● About this exercise:
Starting at the line below that contains "PASSERINI Luigi, Sommario" and ending at the line that contains "The large planked", retype each line exactly as it stands, but omit the pictures.

● Data in this exercise:
※

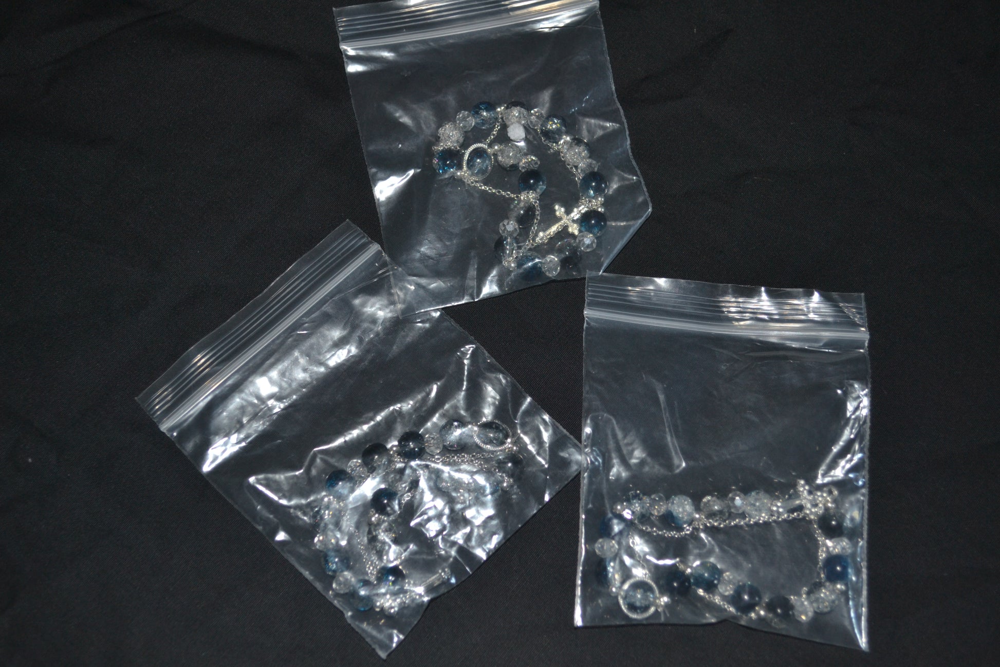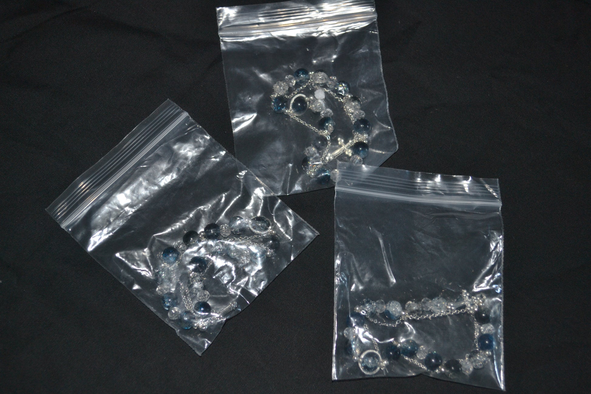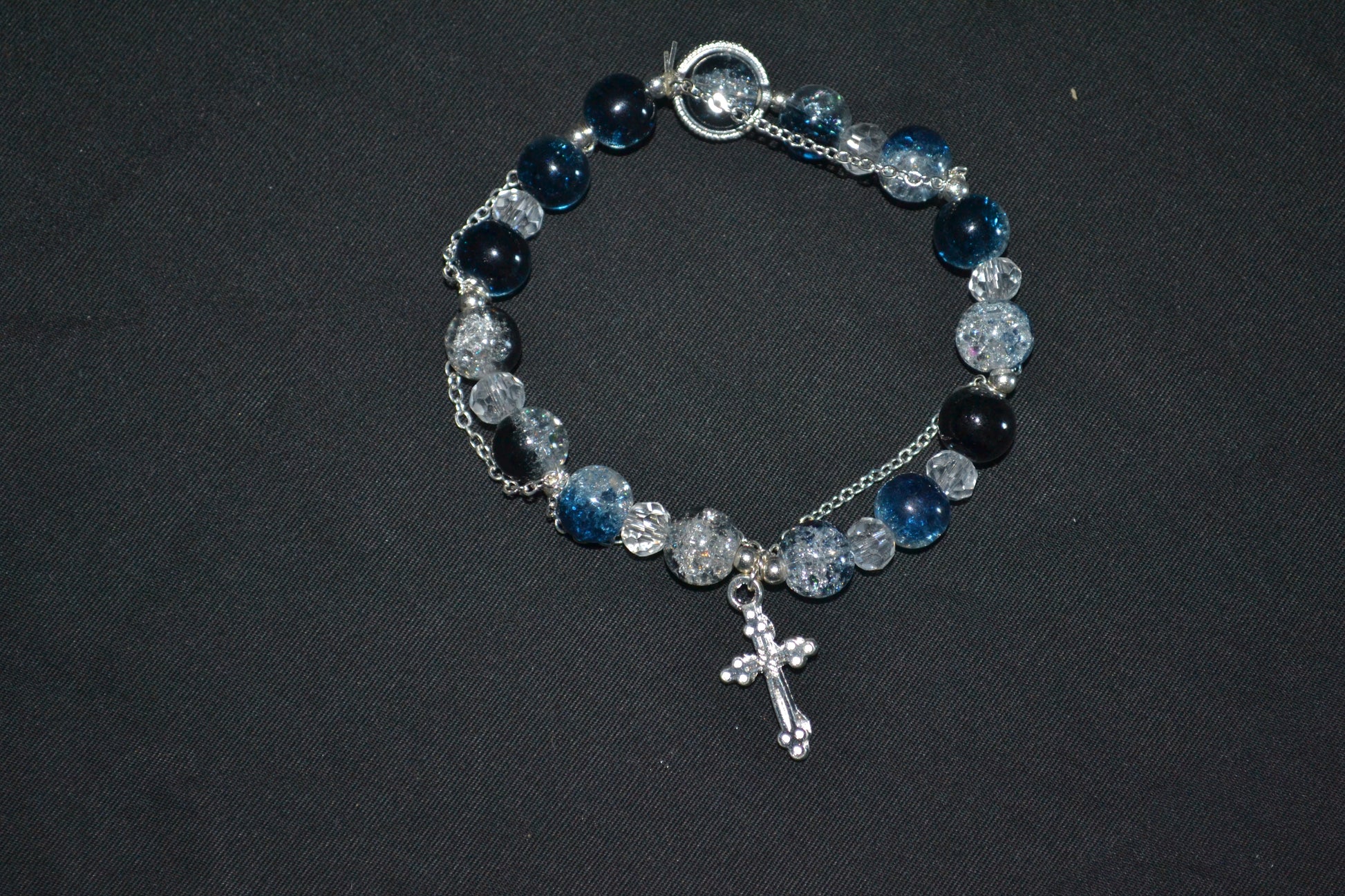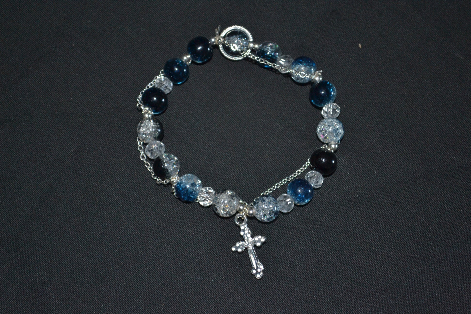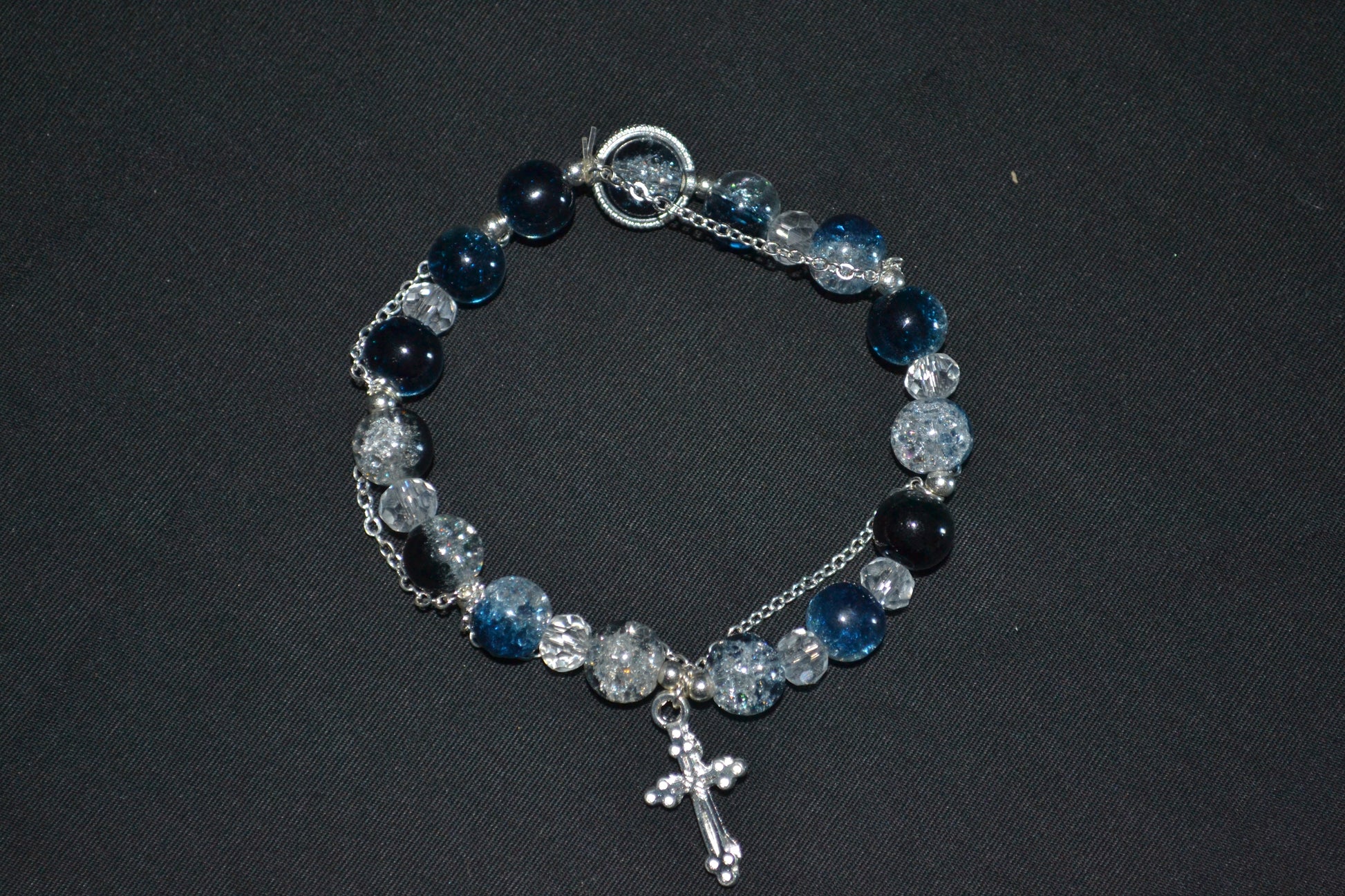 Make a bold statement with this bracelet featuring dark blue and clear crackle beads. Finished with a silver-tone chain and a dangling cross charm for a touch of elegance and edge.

※

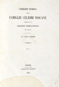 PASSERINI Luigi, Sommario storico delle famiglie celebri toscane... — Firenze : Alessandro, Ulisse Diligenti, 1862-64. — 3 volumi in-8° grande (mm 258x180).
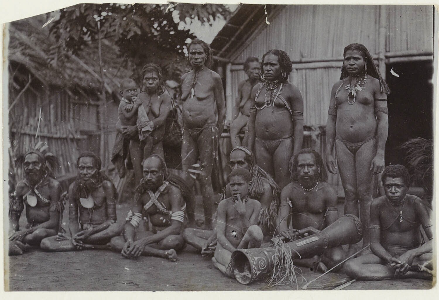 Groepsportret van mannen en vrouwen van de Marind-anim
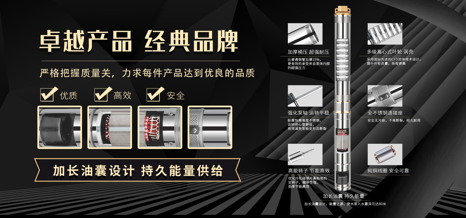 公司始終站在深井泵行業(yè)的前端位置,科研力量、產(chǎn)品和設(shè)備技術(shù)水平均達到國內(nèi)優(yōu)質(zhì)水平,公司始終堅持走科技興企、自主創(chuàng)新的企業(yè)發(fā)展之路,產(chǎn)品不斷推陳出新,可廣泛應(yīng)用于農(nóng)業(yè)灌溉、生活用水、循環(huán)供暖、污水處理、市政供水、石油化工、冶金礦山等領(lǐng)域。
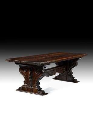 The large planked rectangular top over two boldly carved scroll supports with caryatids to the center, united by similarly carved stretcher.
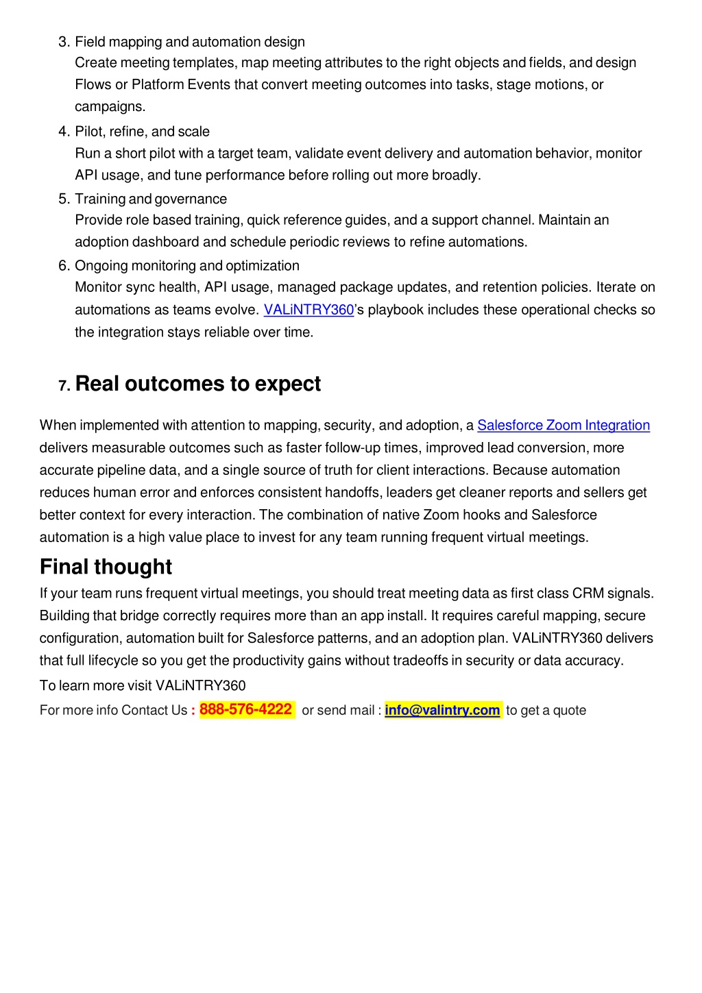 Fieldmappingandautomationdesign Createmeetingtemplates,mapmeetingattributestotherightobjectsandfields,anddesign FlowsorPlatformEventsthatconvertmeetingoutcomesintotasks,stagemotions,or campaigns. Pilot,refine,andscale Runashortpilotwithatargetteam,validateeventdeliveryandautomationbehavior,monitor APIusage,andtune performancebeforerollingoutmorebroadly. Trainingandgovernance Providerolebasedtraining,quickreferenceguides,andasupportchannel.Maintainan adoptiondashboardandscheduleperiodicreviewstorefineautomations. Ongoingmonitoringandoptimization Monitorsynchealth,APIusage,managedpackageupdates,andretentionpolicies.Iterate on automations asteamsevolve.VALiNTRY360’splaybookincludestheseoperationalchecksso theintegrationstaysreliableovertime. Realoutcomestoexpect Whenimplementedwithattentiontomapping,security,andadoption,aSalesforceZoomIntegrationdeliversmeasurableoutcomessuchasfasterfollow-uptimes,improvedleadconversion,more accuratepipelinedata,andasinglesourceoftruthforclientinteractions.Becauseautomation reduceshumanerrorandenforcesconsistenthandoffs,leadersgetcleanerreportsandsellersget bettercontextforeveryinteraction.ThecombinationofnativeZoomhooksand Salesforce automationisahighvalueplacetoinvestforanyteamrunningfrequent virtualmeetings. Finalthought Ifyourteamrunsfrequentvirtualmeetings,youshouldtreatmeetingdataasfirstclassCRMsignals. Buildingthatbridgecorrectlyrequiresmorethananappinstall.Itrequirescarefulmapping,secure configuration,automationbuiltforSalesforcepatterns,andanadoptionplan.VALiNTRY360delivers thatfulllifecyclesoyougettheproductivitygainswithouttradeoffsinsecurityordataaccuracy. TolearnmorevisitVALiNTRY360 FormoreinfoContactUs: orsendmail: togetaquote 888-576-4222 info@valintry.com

※

● Your solution:
 PASSERINI Luigi, Sommario storico delle famiglie celebri toscane... — Firenze : Alessandro, Ulisse Diligenti, 1862-64. — 3 volumi in-8° grande (mm 258x180).
 Groepsportret van mannen en vrouwen van de Marind-anim
 公司始終站在深井泵行業(yè)的前端位置,科研力量、產(chǎn)品和設(shè)備技術(shù)水平均達到國內(nèi)優(yōu)質(zhì)水平,公司始終堅持走科技興企、自主創(chuàng)新的企業(yè)發(fā)展之路,產(chǎn)品不斷推陳出新,可廣泛應(yīng)用于農(nóng)業(yè)灌溉、生活用水、循環(huán)供暖、污水處理、市政供水、石油化工、冶金礦山等領(lǐng)域。
 The large planked rectangular top over two boldly carved scroll supports with caryatids to the center, united by similarly carved stretcher.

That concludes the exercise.